**Records from a collection**
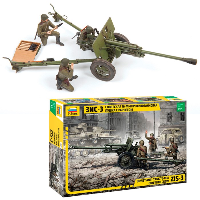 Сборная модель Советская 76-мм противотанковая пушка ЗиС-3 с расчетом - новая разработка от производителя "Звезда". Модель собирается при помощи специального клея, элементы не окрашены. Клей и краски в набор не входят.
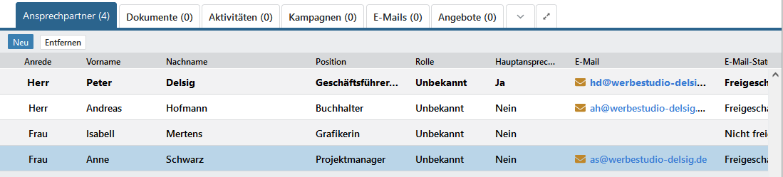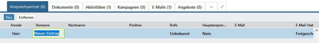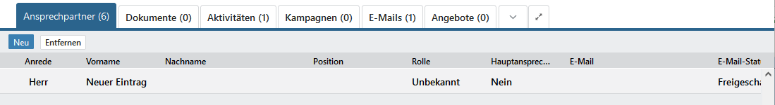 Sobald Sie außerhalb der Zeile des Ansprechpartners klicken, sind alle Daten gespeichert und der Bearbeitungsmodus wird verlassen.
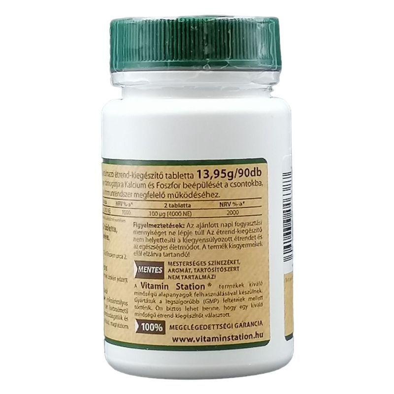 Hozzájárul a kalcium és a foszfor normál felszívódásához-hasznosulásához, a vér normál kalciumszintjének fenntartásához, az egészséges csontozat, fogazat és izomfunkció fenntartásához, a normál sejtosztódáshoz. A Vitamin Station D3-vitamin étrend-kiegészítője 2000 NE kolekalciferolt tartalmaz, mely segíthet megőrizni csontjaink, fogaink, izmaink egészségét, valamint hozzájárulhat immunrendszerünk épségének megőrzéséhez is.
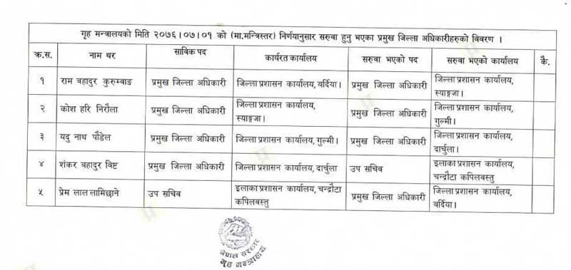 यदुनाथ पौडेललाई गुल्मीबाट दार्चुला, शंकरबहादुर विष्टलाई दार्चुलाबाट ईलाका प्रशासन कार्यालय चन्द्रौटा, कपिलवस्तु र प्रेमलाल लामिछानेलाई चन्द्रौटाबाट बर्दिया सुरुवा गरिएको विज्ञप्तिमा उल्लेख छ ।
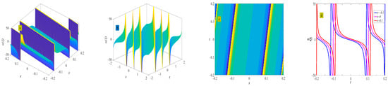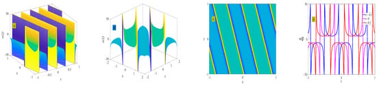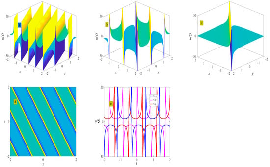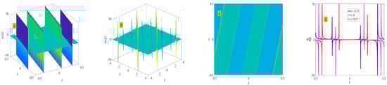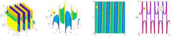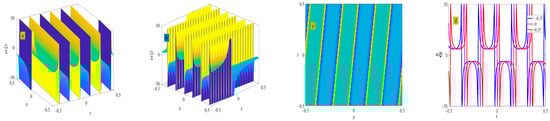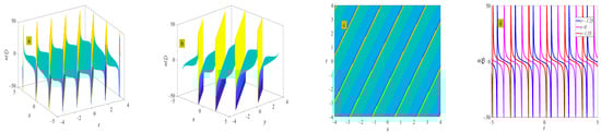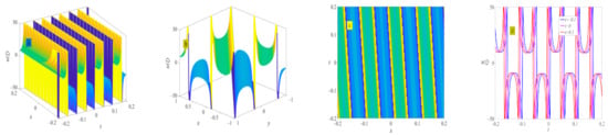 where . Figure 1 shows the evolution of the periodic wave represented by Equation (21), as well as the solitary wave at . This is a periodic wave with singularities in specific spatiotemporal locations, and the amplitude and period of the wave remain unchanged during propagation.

**TASK DETAILS**
Please output the lines from the line that contains "Sobald Sie außerhalb" through the end of the records, both ends included, exactly and with no pictures.

**OUTPUT BELOW**
 Sobald Sie außerhalb der Zeile des Ansprechpartners klicken, sind alle Daten gespeichert und der Bearbeitungsmodus wird verlassen.
 Hozzájárul a kalcium és a foszfor normál felszívódásához-hasznosulásához, a vér normál kalciumszintjének fenntartásához, az egészséges csontozat, fogazat és izomfunkció fenntartásához, a normál sejtosztódáshoz. A Vitamin Station D3-vitamin étrend-kiegészítője 2000 NE kolekalciferolt tartalmaz, mely segíthet megőrizni csontjaink, fogaink, izmaink egészségét, valamint hozzájárulhat immunrendszerünk épségének megőrzéséhez is.
 यदुनाथ पौडेललाई गुल्मीबाट दार्चुला, शंकरबहादुर विष्टलाई दार्चुलाबाट ईलाका प्रशासन कार्यालय चन्द्रौटा, कपिलवस्तु र प्रेमलाल लामिछानेलाई चन्द्रौटाबाट बर्दिया सुरुवा गरिएको विज्ञप्तिमा उल्लेख छ ।
 where . Figure 1 shows the evolution of the periodic wave represented by Equation (21), as well as the solitary wave at . This is a periodic wave with singularities in specific spatiotemporal locations, and the amplitude and period of the wave remain unchanged during propagation.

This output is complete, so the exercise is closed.